The racial justice uprisings of last summer, along with the COVID-19 pandemic, have turned mayoral races across the country into a focal point amid demands for leadership committed to representing marginalized communities. 

In Omaha, Nebraska, a city rocked by protests against police violence, some see the upcoming mayoral election as an opportunity to chart a new course on policing, public safety, and racial equity.

Protests erupted in Omaha last year after Minneapolis police killed George Floyd, and again in November when Omaha police fatally shot Kenneth Jones, a Black man, during a traffic stop. Police crackdowns on the protests and the murder of a Black demonstrator by a white man known for bigotry further escalated tensions and fueled demands to defund police.

Mayor Jean Stothert, a Republican who first took office in 2013 and  is seeking her third term, instead proposed to increase police funding. Now the Omaha Police Officers Association, which did not endorse a mayoral candidate in 2017, is backing Stothert.

“This is us rewarding loyalty for a mayor who has stood with us,” announced the association’s president, Sgt. Tony Conner. 

Local activists are rallying behind two Democratic challengers: criminal justice reform advocate Jasmine Harris and school board member Kimara Snipes. The election of either Harris or Snipes would give Omaha its first Black female mayor. Both candidates have spoken about the need for a more holistic approach to public safety that recognizes the root causes of crime that simply increasing policing doesn’t address.

Two other Democratic candidates, high school teacher Mark Gudgel and real estate firm owner RJ Neary, will also appear on the ballot for the nonpartisan April 6 primary.
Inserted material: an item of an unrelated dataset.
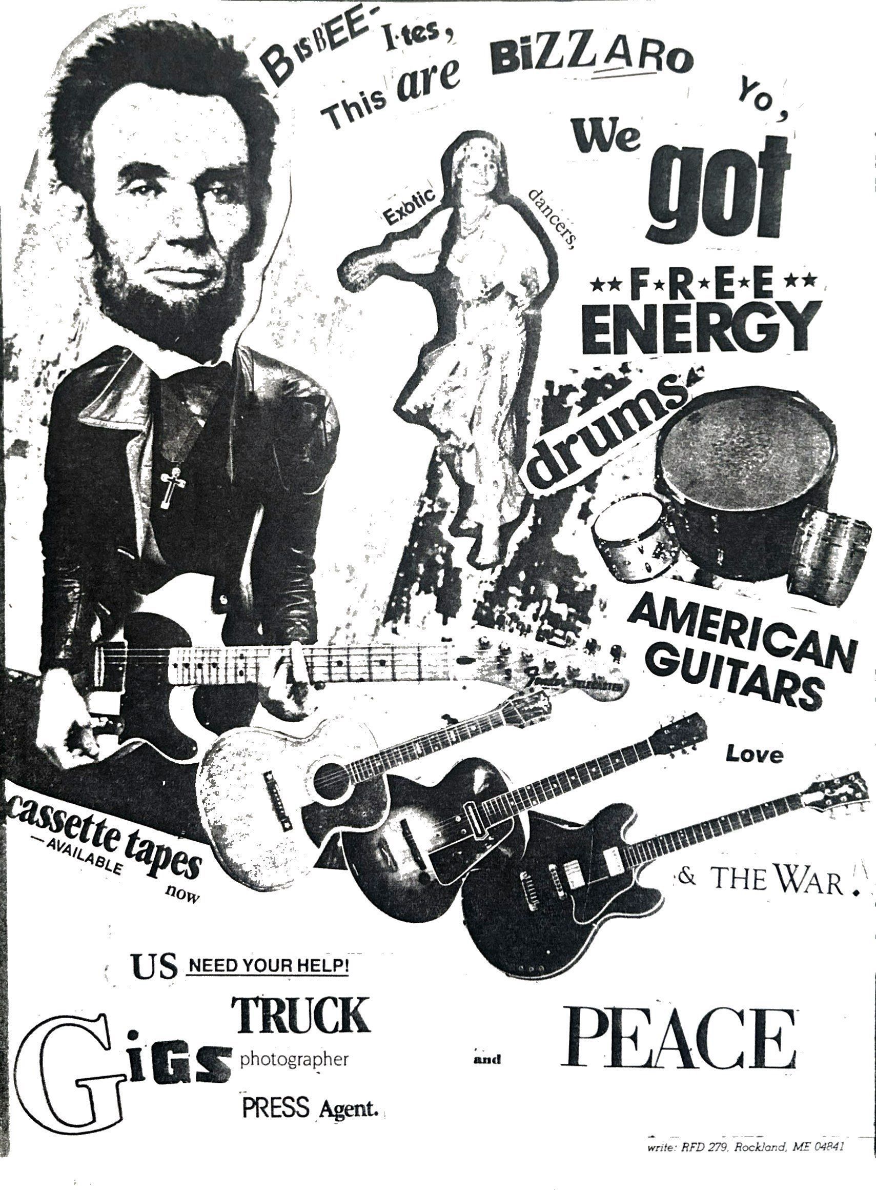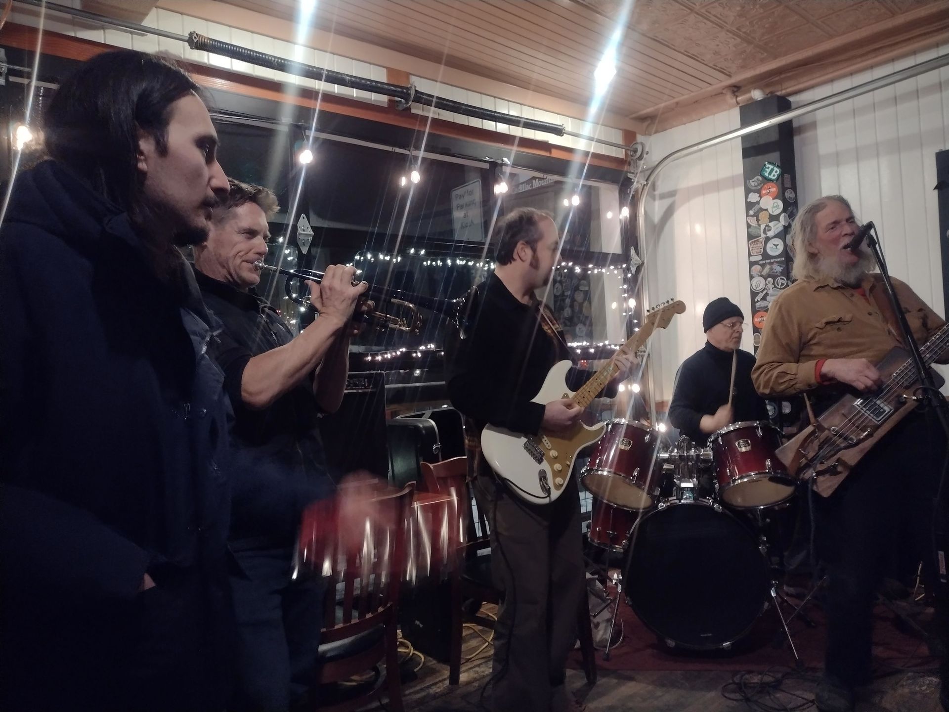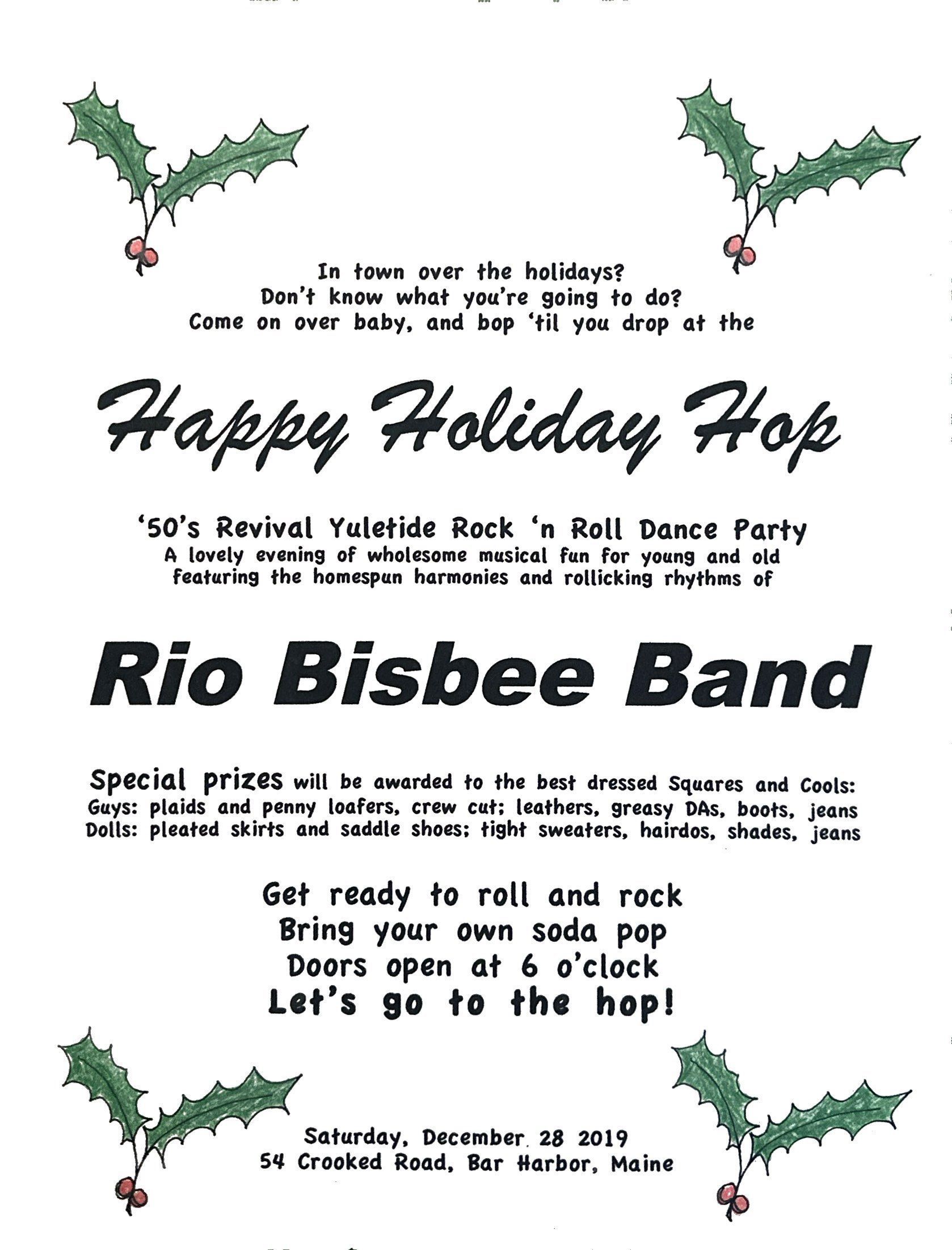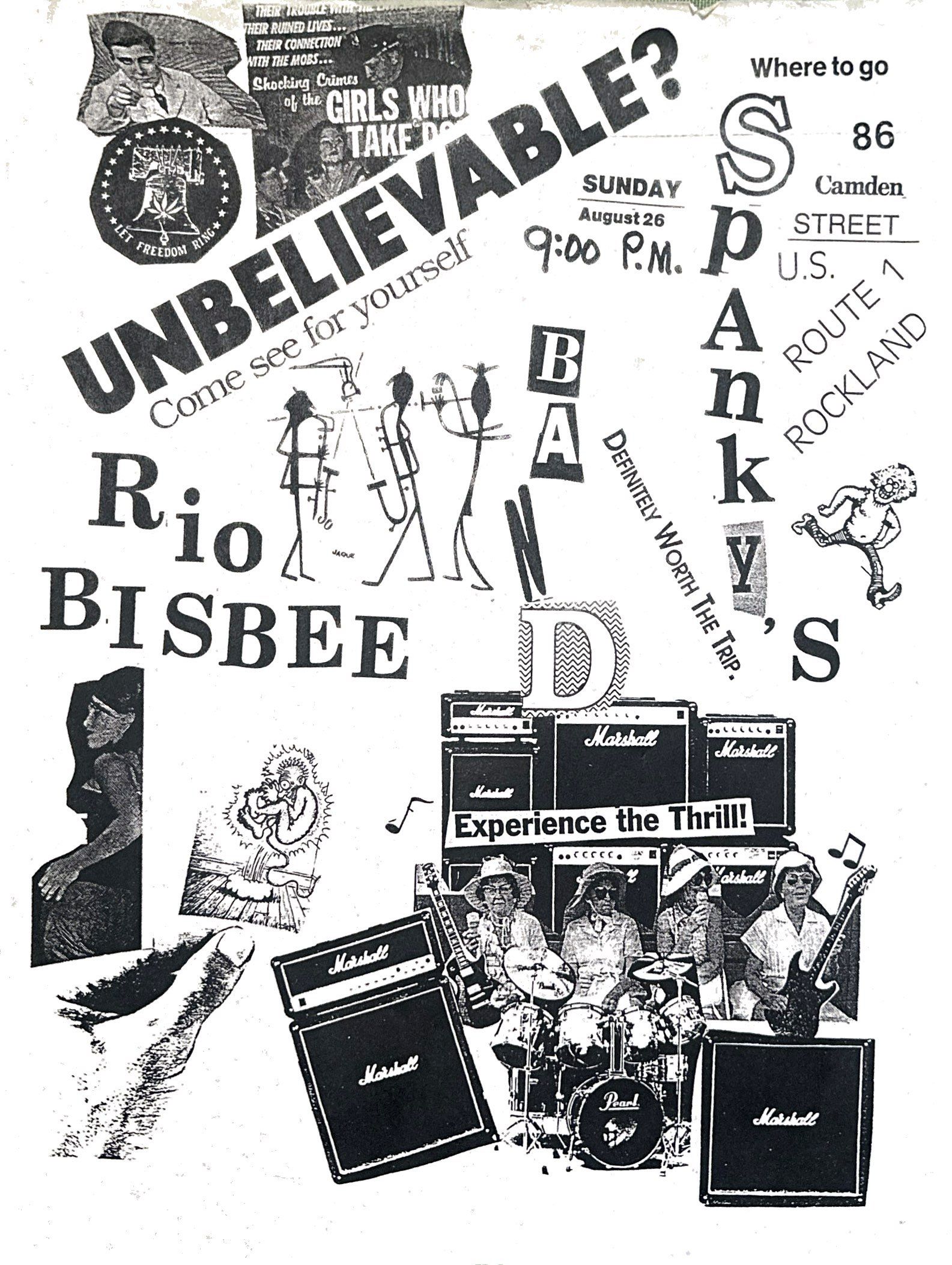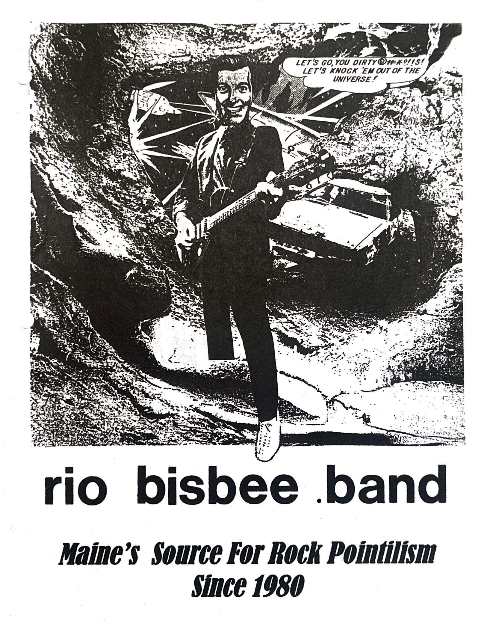 On the sixth day 1980, from out of The Void, by the banks of the mighty Bisbee River of Camden, Maine was formed a band. It was called Rio Bisbee for the river. It was good. Originally configured as a contradance orchestra, Rio Bisbee.Band began as a safe sextet featuring fiddle, guitar, banjo, concertina, trumpet, bass, playing polkas, schottisches, waltzes, hornpipes, reels, jigs at thirteen gigs around Mid-Coast Maine that year. Later, things got wierd when a dominant chord was heard, and fiddle, banjo and squeeze box split. Rob, peripatetic lead guitarist returned from south of the border after studying with Manuel Labor, Argentine guitar master, and Rio Bisbee degenerated to Rock ‘n Roll - roots music of our childhood.

The top two vote candidates will move on to the May general election

“When we’re talking about the city [government], this entity that’s supposed to represent us, it needs to have the same work ethic and reflect the diversity and the makeup of the people who are doing the work,” said Dawaune Lamont Hayes, founder of a community-led local news outlet, North Omaha Information Support Everyone (NOISE). “Because we’re out here, and we’re making it happen.”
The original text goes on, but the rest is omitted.